The hardsuits themselves consisted of two layers. The soft, cloth-lined inner suit went directly over a person’s clothes. This layer carried the coolants circulating in microtubules drawn from tanks which were pulled from the freezer and strapped, along with the O2 packs, over the shoulders.
Then the pressure shell was assembled. Based on the hard-suits used in very deep industrial sea diving, it kept the user’s personal pressure at a comfortable one atmosphere. It was also heavy as all get-out. Despite the internally powered skeletons, every time she put one on, Helen felt like a clunky monster from outer space.
But it was all necessary. The best simulations they had suggested that a person exposed to Venus’s surface temperature and pressure would flash-burn a split second before any remaining chemical residue was squashed flat.
Finally, Helen locked down her helmet. The edges of the faceplate lit up with the various monitor readouts and the control icons. Helen had never liked the icons. They were line-of-sight controlled and she found them clumsy to use. Adrian looped the standard tool belt around her waist and stood back.
“Check one, check one, Dr. Failia.” Adrian’s voice came through her helmet’s intercom. Following routine, Helen waved her hand in front of her suit’s chest camera. “Reading you, Scarab Fourteen,” she said. The monitors in each hard-suit were slaved to the scarab for earliest possible detection of mechanical trouble.

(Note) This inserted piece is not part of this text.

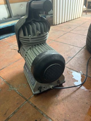 Compresor de aire de la marca Specair con una capacidad de 24 litros. Ideal para diversas tareas. Solo habría que rellenar su aceite y tapar una pequeña fuga que tiene de ahí su precio. Lo vendo porque me regalaron uno nuevo. - Diseño compacto y portátil. - Ruedas para facilitar el transporte. - Asa para un agarre cómodo.

“And we have you, Dr. Failia,” replied Adrian, glancing at the wall monitors. “Check two, check two, Dr. Godwin.” The routine was repeated with Ben and Michael. Helen leaned against the wall and tried not to think too much about what waited outside. The picture had burned itself into her mind. It was an artificial structure, no question there. She couldn’t wait until the rest of the solar system saw it. Good God, they’d say, there was somebody else out here or there had been. Her Venus, her beautiful, misunderstood twin to Earth, housed or had housed intelligent life….
Steady Helen. Remember, you still don’t know anything.
The checks on Ben’s and Michael’s suits came up green, and Adrian let them all move into the airlock. He swung the hatch shut behind them. The suits maintained pressure for their inhabitants, but the airlock had to equalize the pressure inside and outside before the hatch would open. That meant pumping the room up to a full ninety atmospheres worth of pressure.
As the pump started chugging, Ben turned toward Helen. “Well, it’s either aliens or the biggest practical joke in human history.”
“If we open it up and a bunch of those springy worms fly out, we’ll know, right?” said Michael, carefully bending his knees to sit on a bench he couldn’t quite see.